Ochsenreiter: Você disse que Vladimir Putin tem a maioria da população russa a seu lado. Mas agora é época de paz. Na guerra síria, também apoiarão ele?

Dugin: Esta é uma pergunta muito boa. Em primeiro lugar, Putin perderia grande parte de seu apoio se não reagir em uma intervenção ocidental na Síria. Sua posição se debilitaria por desistir. As pessoas que apoiam Putin o fazem porque querem apoiar um líder forte. Se não reagir e resolver desistir devido à pressão dos Estados Unidos, seria considerado pela maioria da população como uma derrota pessoal de Putin. Assim que vê, isso é mais a guerra de Putin do que a guerra de Obama. Mas se intervir na Síria enfrentará dois problemas: a sociedade russa quer uma grande potência mundial, mas não está pronta para pagar os custos. Quando o volume destes custos ficarem claros, isso poderia causar uma espécie de choque para a população. O segundo problema é o que eu já disse, que a maioria da elite política é pró-ocidental. Eles se oporiam à guerra de imediato e começariam com sua propaganda para criticar as decisões de Putin. Isto poderia provocar uma crise interior. Creio que Putin seja consciente destes dois problemas.
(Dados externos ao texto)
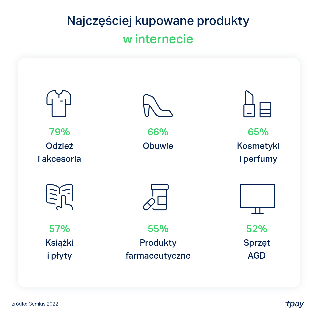 Podobnie jak w poprzedniej fali badania, nadal najczęściej przez internet kupujemy odzież, w tym dodatki i akcesoria z nią związane, a także obuwie, kosmetyki/perfumy, książki, płyty, filmy, oraz produkty farmaceutyczne.

Ochsenreiter: Você disse que os russos podem ser surpreendidos pelos custos de uma guerra. Não existe o perigo de que não poderão apoiar Putin por esta razão?

Dugin: Não creio. Nosso povo é muito heróico. Volte na história. Nosso povo não estava preparado para entrar em uma guerra, mas quando se viram obrigados a entrar, venceram a guerra, apesar de todos os custos e sacrifícios. Olhe para as guerras napoleônicas ou para a Segunda Guerra Mundial. Nós, os russos, perdemos muitas batalhas, mas no fiinal vencemos estas guerras. Mesmo que não estejamos preparados, sempre venceremos.